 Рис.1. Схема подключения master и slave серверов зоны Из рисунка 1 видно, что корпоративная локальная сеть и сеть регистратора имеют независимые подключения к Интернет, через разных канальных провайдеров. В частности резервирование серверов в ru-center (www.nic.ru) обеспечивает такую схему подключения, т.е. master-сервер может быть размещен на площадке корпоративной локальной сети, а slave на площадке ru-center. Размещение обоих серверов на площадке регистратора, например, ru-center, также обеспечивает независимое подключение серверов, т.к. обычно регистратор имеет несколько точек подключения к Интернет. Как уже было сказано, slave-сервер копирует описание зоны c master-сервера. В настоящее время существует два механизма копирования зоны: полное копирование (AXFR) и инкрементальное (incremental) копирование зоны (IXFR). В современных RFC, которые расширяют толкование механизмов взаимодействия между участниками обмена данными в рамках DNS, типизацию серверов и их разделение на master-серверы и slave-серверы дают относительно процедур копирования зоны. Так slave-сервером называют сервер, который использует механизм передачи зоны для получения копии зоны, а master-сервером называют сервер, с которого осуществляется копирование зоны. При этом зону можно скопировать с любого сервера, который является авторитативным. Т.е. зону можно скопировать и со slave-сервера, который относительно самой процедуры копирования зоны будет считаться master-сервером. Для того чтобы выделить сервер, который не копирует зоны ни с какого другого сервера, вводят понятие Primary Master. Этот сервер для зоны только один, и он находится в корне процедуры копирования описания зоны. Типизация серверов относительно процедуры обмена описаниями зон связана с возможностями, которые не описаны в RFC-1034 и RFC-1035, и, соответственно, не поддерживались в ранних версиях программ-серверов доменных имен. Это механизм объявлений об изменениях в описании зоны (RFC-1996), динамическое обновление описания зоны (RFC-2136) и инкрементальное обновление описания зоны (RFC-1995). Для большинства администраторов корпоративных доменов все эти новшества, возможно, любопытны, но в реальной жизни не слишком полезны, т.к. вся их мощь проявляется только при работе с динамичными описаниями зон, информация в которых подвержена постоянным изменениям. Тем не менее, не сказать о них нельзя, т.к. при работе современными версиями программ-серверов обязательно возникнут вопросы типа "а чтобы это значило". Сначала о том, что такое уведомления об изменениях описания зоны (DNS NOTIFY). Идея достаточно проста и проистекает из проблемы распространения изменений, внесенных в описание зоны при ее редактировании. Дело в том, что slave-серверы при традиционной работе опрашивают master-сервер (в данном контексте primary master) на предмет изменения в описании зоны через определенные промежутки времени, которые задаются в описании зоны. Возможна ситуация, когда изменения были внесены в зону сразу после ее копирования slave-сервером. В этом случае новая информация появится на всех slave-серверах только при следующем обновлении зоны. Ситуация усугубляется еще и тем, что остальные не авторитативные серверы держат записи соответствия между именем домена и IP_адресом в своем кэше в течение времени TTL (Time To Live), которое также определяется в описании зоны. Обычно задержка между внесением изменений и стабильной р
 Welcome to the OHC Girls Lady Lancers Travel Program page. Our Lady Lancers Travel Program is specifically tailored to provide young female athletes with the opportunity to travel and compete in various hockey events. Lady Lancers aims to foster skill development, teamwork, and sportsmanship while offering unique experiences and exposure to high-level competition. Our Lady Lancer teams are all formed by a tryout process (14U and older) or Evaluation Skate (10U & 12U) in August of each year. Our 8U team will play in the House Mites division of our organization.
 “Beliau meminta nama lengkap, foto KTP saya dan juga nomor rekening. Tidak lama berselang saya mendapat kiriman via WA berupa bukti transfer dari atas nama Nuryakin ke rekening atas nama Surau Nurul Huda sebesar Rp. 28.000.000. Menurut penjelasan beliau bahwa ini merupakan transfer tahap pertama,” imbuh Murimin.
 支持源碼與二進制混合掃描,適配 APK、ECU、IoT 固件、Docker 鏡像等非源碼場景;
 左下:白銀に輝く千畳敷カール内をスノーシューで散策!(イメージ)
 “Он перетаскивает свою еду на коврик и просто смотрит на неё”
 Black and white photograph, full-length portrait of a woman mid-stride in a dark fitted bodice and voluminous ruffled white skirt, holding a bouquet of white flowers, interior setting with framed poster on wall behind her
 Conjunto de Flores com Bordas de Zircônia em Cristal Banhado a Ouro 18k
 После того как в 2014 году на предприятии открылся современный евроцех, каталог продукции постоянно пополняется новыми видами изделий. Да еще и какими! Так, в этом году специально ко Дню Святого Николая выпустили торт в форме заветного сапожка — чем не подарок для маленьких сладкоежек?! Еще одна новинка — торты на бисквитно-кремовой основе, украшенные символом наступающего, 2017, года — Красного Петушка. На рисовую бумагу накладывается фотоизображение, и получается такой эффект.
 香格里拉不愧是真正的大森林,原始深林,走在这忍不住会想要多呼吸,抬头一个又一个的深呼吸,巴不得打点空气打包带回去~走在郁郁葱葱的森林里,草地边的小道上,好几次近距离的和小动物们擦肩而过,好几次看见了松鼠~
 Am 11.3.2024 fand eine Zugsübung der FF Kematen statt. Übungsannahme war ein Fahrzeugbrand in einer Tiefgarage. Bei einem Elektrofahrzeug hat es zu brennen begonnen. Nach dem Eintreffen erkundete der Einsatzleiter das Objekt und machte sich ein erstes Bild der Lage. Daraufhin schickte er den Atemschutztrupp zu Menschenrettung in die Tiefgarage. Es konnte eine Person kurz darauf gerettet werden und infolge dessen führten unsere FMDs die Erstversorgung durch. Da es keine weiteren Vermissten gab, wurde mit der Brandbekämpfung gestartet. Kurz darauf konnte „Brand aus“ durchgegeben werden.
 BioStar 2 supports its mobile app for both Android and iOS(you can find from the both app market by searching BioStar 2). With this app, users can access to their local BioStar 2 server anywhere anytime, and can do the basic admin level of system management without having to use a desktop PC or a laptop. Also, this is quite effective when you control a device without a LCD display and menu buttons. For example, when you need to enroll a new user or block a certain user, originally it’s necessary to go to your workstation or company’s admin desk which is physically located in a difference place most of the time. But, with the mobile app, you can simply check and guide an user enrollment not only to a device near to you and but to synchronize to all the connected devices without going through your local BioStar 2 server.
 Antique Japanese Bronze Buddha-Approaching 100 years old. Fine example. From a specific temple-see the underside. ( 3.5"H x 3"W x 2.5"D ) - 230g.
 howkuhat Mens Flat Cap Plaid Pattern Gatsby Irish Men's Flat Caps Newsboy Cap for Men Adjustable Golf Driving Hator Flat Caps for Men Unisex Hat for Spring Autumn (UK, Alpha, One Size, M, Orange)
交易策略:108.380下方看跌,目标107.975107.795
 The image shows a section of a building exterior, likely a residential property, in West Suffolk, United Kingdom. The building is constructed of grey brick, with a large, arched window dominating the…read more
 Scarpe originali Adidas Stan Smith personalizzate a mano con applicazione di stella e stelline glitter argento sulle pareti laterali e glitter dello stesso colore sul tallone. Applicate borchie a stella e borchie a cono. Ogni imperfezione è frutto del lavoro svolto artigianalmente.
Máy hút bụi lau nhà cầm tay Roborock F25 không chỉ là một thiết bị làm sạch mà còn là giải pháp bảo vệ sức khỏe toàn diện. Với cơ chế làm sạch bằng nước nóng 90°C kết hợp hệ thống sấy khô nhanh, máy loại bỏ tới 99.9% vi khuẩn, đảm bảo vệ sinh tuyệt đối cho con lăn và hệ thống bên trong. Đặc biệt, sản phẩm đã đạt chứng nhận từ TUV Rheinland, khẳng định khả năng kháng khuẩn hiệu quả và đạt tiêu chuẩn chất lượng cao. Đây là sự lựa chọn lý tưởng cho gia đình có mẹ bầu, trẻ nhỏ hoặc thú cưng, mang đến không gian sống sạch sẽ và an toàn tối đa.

→ **WORK REQUEST**
Scan the lines above, and whenever one holds the string "level", copy it.

→ **YOUR RESPONSE**
 Welcome to the OHC Girls Lady Lancers Travel Program page. Our Lady Lancers Travel Program is specifically tailored to provide young female athletes with the opportunity to travel and compete in various hockey events. Lady Lancers aims to foster skill development, teamwork, and sportsmanship while offering unique experiences and exposure to high-level competition. Our Lady Lancer teams are all formed by a tryout process (14U and older) or Evaluation Skate (10U & 12U) in August of each year. Our 8U team will play in the House Mites division of our organization.
 BioStar 2 supports its mobile app for both Android and iOS(you can find from the both app market by searching BioStar 2). With this app, users can access to their local BioStar 2 server anywhere anytime, and can do the basic admin level of system management without having to use a desktop PC or a laptop. Also, this is quite effective when you control a device without a LCD display and menu buttons. For example, when you need to enroll a new user or block a certain user, originally it’s necessary to go to your workstation or company’s admin desk which is physically located in a difference place most of the time. But, with the mobile app, you can simply check and guide an user enrollment not only to a device near to you and but to synchronize to all the connected devices without going through your local BioStar 2 server.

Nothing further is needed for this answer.